3 Velasquez was charged with committing an assault with a deadly weapon (§ 245, subd. (a)(1)), with the further allegation that he personally inflicted great bodily injury (§§ 1192.7, subd. (c)(8), 12022.7, subd. (a)). The jury found Velasquez guilty as charged, and Velasquez admitted a prior strike (§§ 667, subd. (b)–(i), 1170.12, 668) and a prior serious felony (§§ 667, subd. (a)(1), 1192.7, subd. (c), 668). Velasquez was sentenced to nine years in prison. II. DISCUSSION A. The Trial Court Did Not Prejudicially Err in Failing to Instruct on Self- Defense We first consider Velasquez’s contention that the trial court prejudicially erred by denying his request to instruct the jury with CALCRIM No. 3470 on the right to self-defense. During the conference on jury instructions, defense counsel requested a self-defense instruction, explaining that the instruction was warranted based on the version of events that Velasquez described to the police on the night of the incident. The trial court denied the request, concluding that a self- defense instruction was not supported by the evidence. “ ‘ “It is settled that in criminal cases, even in the absence of a request, a trial court must instruct on general principles of law relevant to the issues raised by the evidence” ’ and ‘ “necessary for the jury’s understanding of the case.” ’ [Citations.] It is also well settled that this duty to instruct extends to defenses ‘if it appears . . . the defendant is relying on such a defense, or if there is substantial evidence supportive of such a defense and the defense is not inconsistent with the defendant’s theory of the case.’ ” (People v. Brooks (2017) 3 Cal.5th 1, 73.) Similarly, “[a]n instruction requested by a defendant need only be given ‘if it is supported by substantial evidence, that is, evidence

4 sufficient to deserve jury consideration.’ ” (People v. Marshall (1997) 15 Cal.4th 1, 39.) Thus, “[a] trial court has no duty to instruct the jury on a defense—even at the defendant’s request—unless the defense is supported by substantial evidence.” (People v. Curtis (1994) 30 Cal.App.4th 1337, 1355; see also In re Christian S. (1994) 7 Cal.4th 768, 783 [“[a] trial court need give a requested instruction concerning a defense only if there is substantial evidence to support the defense.”].) “We review a trial court’s failure to instruct on a defense theory de novo and view the evidence in the light most favorable to the defendant in doing so.” (People v.
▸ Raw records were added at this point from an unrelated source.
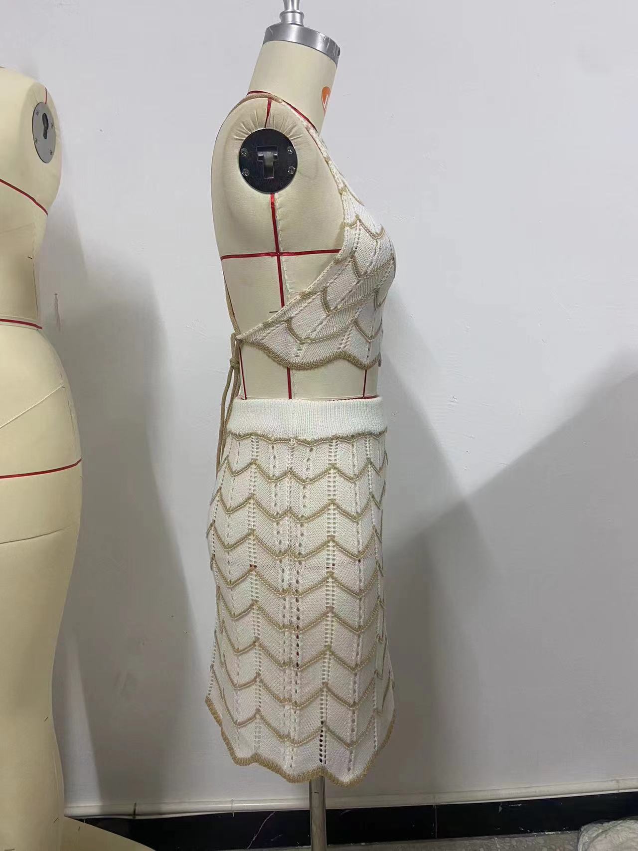 AJ4452 Cross border Platform European and American Women's Knitted Elastic Sports Casual Skirt Sweater Short SetItem NO.: 2565089
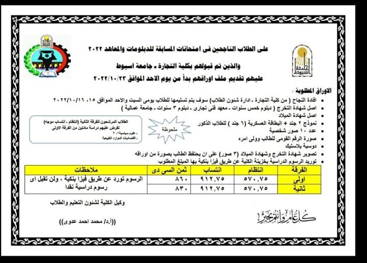 كلية التجارة جامعة اسيوط
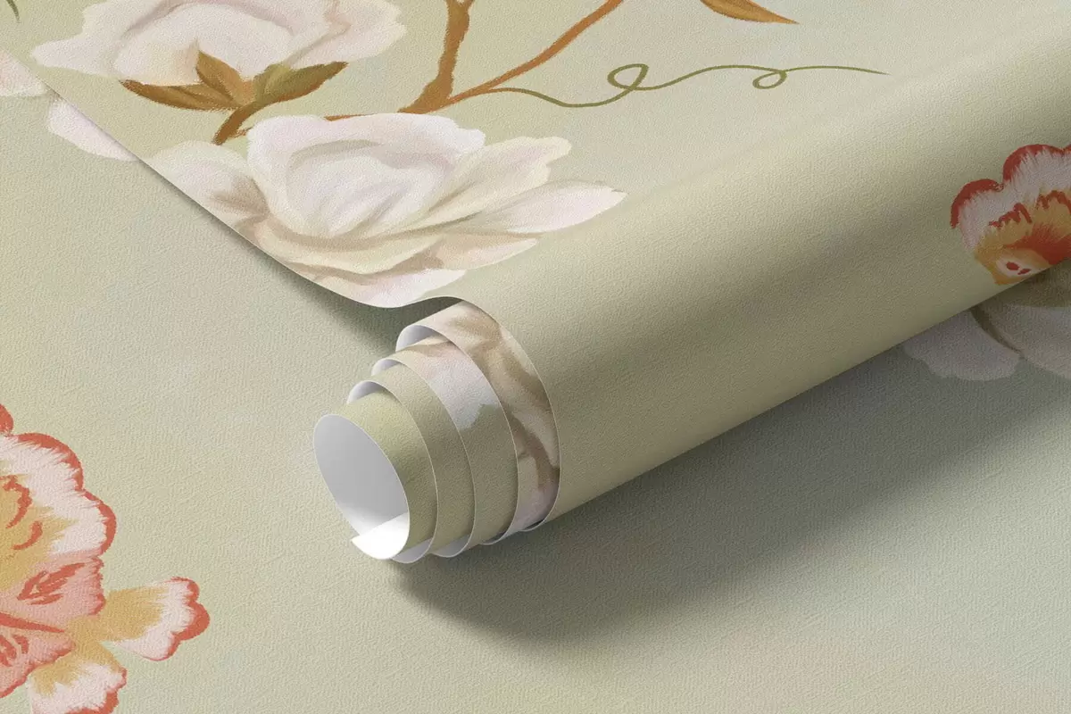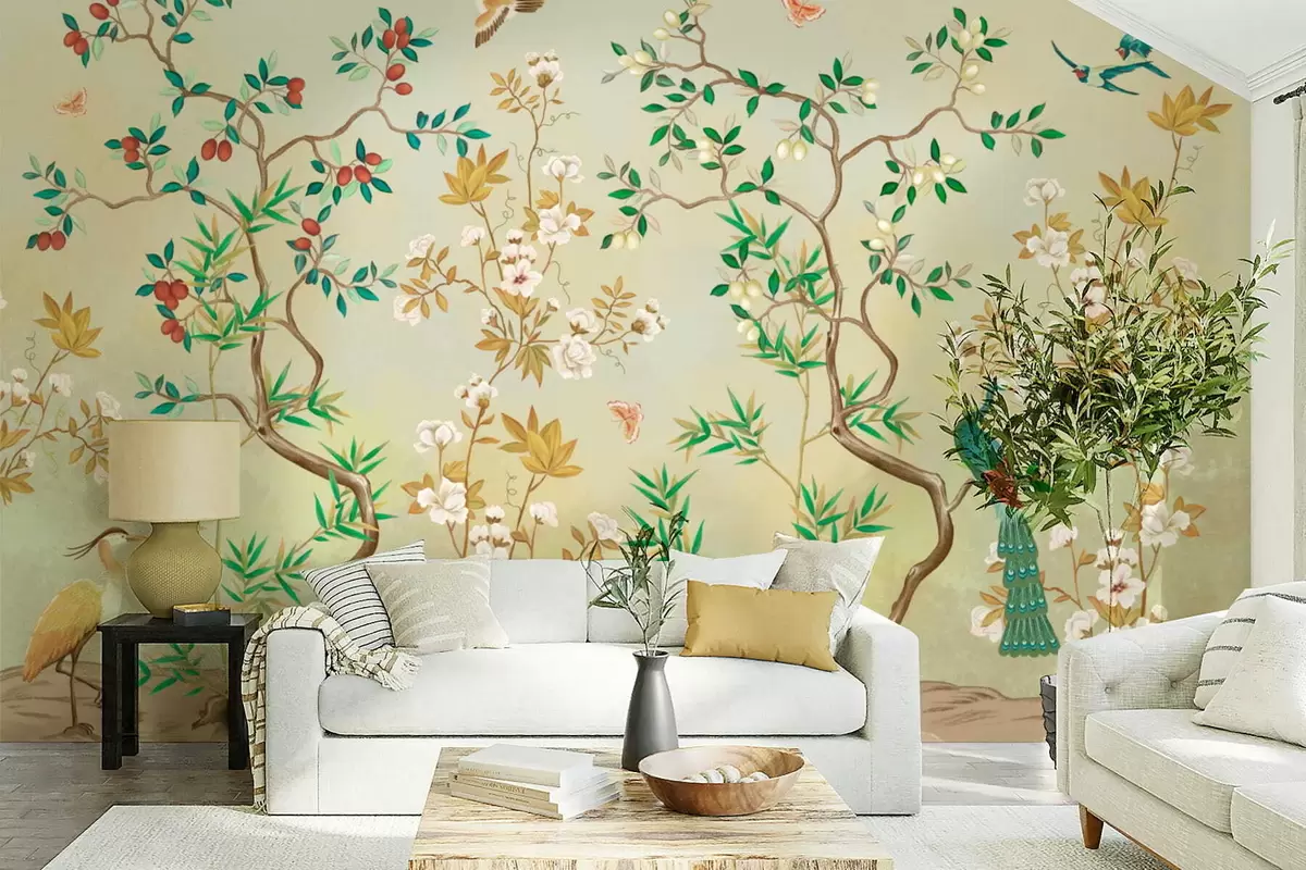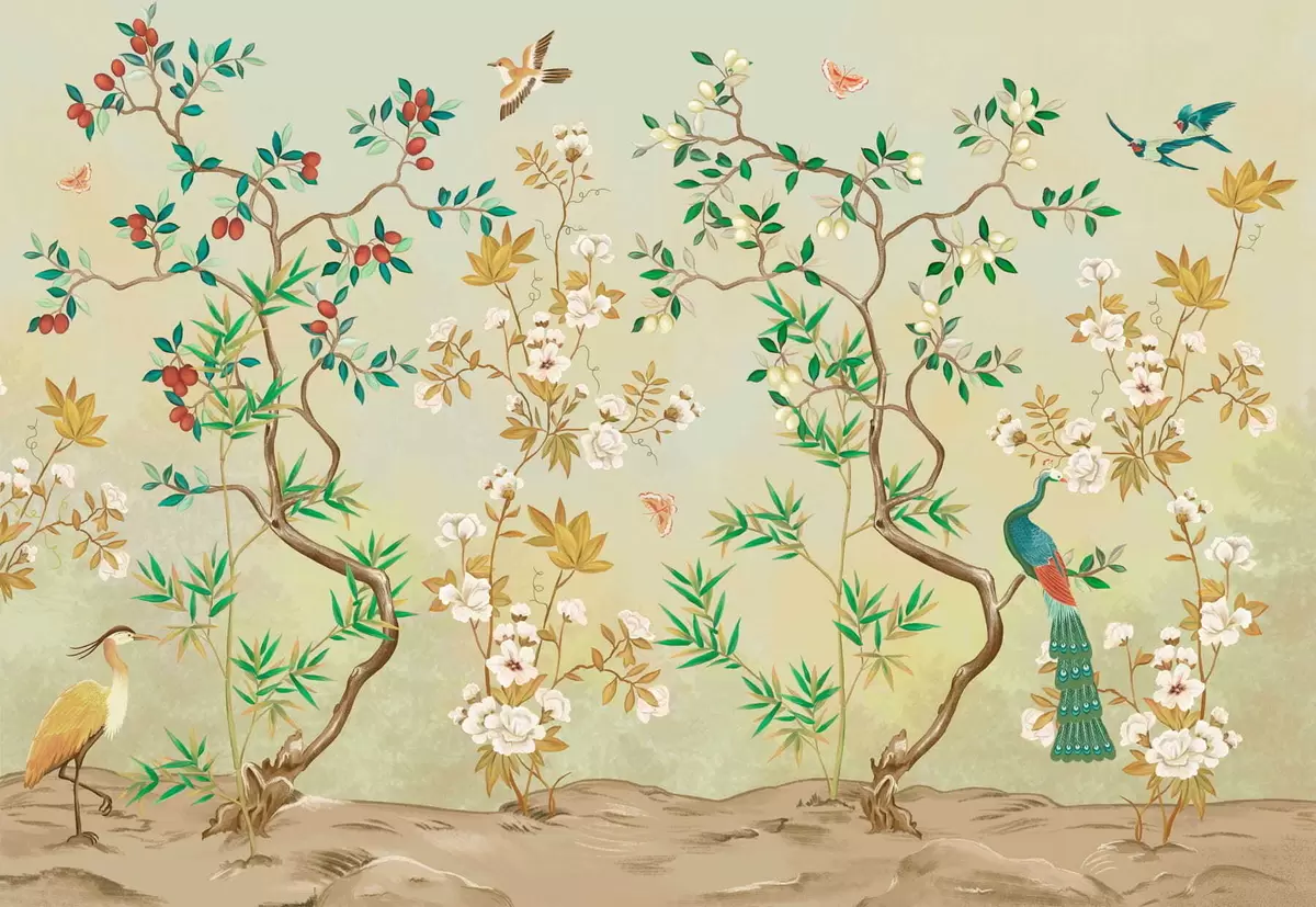 Carta da parati Scena con alberi, fiori e uccelli, sfondo chiaro nr. w05004v1

Ibarra (2024) 106 Cal.App.5th 1070, 1081.) “ ‘To justify an act of self-defense for [an assault charge under Penal Code section 245], the defendant must have an honest and reasonable belief that bodily injury is about to be inflicted on him. . . .’ The threat of bodily injury must be imminent . . . and ‘ . . . any right of self-defense is limited to the use of such force as is reasonable under the circumstances.’ ” (People v. Minifie (1996) 13 Cal.4th 1055, 1064–1065, citations and italics omitted.) As he did at trial, Velasquez argues that substantial evidence supports a self-defense instruction for the charge of assault with a deadly weapon

based on the statements that he made to the police after the incident.2 As we

2 During the conference on jury instructions, there was discussion about whether the jury should be instructed on the concept of accident as set forth in CALRIM No. 3404.